This looks great! Thanks for sharing. Interestingly enough, from looking at the table of contents, it seems this book starts with a more (and welcome) pragmatic approach, where you write some python code before, look at data visualisation techniques, etc, before delving into stats.
I haven't done the course yet, I've just found it. But, from the rationale video, the course seems to be more about weaving recurrent fundamental data science concepts throughout, emphasizing one particular concept or technique in each chapter, so I guess that it would make more sense to take it as a whole.
It is intended as a "glue" course, having completed CS fundamentals and before core data science courses, like statistics, machine learning and databases, giving students a context for what lies ahead, and just enough to be dangerous and start doing data science stuff.
If this is what you are after, you may also want to consider CMU's "Practical Data Science", which seems to have a similar approach, videos, much more machine learning and big data, and is also very current, but doesn't have such a nice companion online book (but the notes look great) and has much less statistics: http://datasciencecourse.org
Both look like great DS intro courses from top universities, we are spoilt.
And then, also from Berkeley, there is "Data 8", which is intended for those who want an intro to data science, but don't have any programming or college math knowledge yet; it also has a similar online book with working links to Jupyter notebooks: http://data8.org/sp19/ (and videos: https://www.youtube.com/playlist?list=PLXbeRfilLvMoC3QZKxRrp...)
As I understand things, the Cartesian product (AKA the cross join) cannot be nicely depicted using Venn diagrams, you're right. However, Venn diagrams are a great way to depict the set logic that applies to the join keys of left, right, inner, and outer joins.
I thought a cartesian (cross) product produced an ordered output (tuple), an element from each set?
I don't have any experience with data science, but my brain wants to apply linear algebra and set theory...
So, in the above linked example, to clean we would first do an intersect operation on user names to remove people who don't appear in each set.
Then, to put the tables together (to append emails to appropriate names) we do a cross product between the filtered sets (assuming the sets have been ordered).
Is my intuition correct? I also have zero experience with DBs.
I'd assume because you have the --no-install-recommends flag on your apt-get call. Maybe something you're doing requires the recommended (but not dependent) packages.
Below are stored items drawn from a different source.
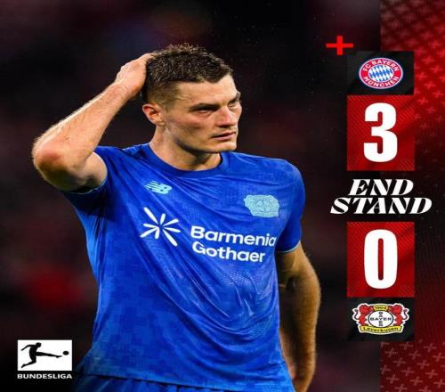 德甲第9轮,勒沃库森客场0-3不敌拜仁慕尼黑,德甲客场连续37场不败纪录遭终结。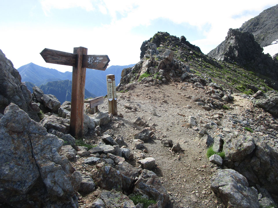 飛騨乗越までは稜線である。テント場の下部から下り3分ほど。とても近い。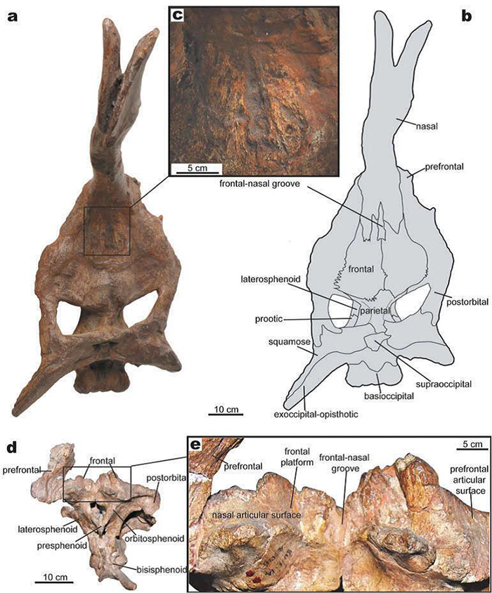 2 棘鼻青岛龙正型和副型头骨,显示鼻骨、额骨间的窄沟状结构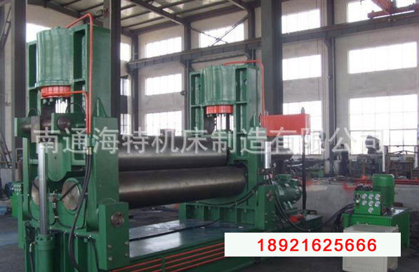 The structure of the machine is a three roll symmetrical type. The upper roll moves vertically up and down at a symmetrical position in the center of the two lower rolls, which is obtained by the hydraulic oil in the hydraulic cylinder acting on the piston. It is a hydraulic transmission. The two lower rolls rotate, and the output gear of the reducer meshes with the lower roll gear to provide torque for the rolled sheet.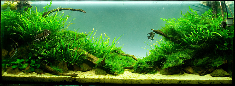 Декорации: использую камни с Алтая и коряги, правда уже не с Алтая. Коряги можно использовать, в принципе, любые, за исключением хвои. Главное правило, - коряги должны быть сухими. Я их никогда не варил, просто мыл, но зачастую, наши коряги быстро гниют, могут и пол года не пролежать. Именно поэтому, я использую покупные - мангровый корень. Эти коряги по определению никогда не гниют, они то и будут оптимальным выбором. Но когда начинаешь смотреть на цены, начинаешь понимать что ты зря учился в университете, ведь можно ветки продавать по 1-2 т.р. за ветку.... Да-да, зачастую магазины просто гнут и без того высокую цену на них. Я уж молчу про покупной камень. Да-да, камень тоже продают, и его, кстати, часто покупают. Если цена коряг объясняется их местопроисхождением (где то в районах амазонки), то с камнями непонятно, привезти их могут по сути откуда угодно, но есть один лишь плюс, скорее всего они будут максимально хорошей формы и с хорошей фактурой. Еще очень часто продают камень породы - лава. Вот это вообще крутая штука, за счет свой пористости он обладает достаточной легкостью и к нему очень хорошо прирастают корни папоротников, анубиасов или же хорошо прирастают мхи.

I haven't done it yet, but that's my assumption at first glance, so take it with a grain of salt.
I haven’t looked at the material yet, but I did try to read Deborah Nolan’s book Data Science in R, and it was a confounding experience. I remember thinking “the material in this book is so far from anything that I’ve ever heard described as ‘Data Science’ that it renders the phrase useless”
I've never looked at Data Science in R, but Hadley Wickam's R for Data Science is great in my opinion. Really applicable, down to earth, and focuses much more on the meat of data science (data manipulation and munging, visualization, relational data, and efficient programing) more than the typical "fit a neural network to this idealized toy data set!"
Course design: https://youtu.be/HITIm3KoU2U
Course website: http://www.ds100.org/sp19/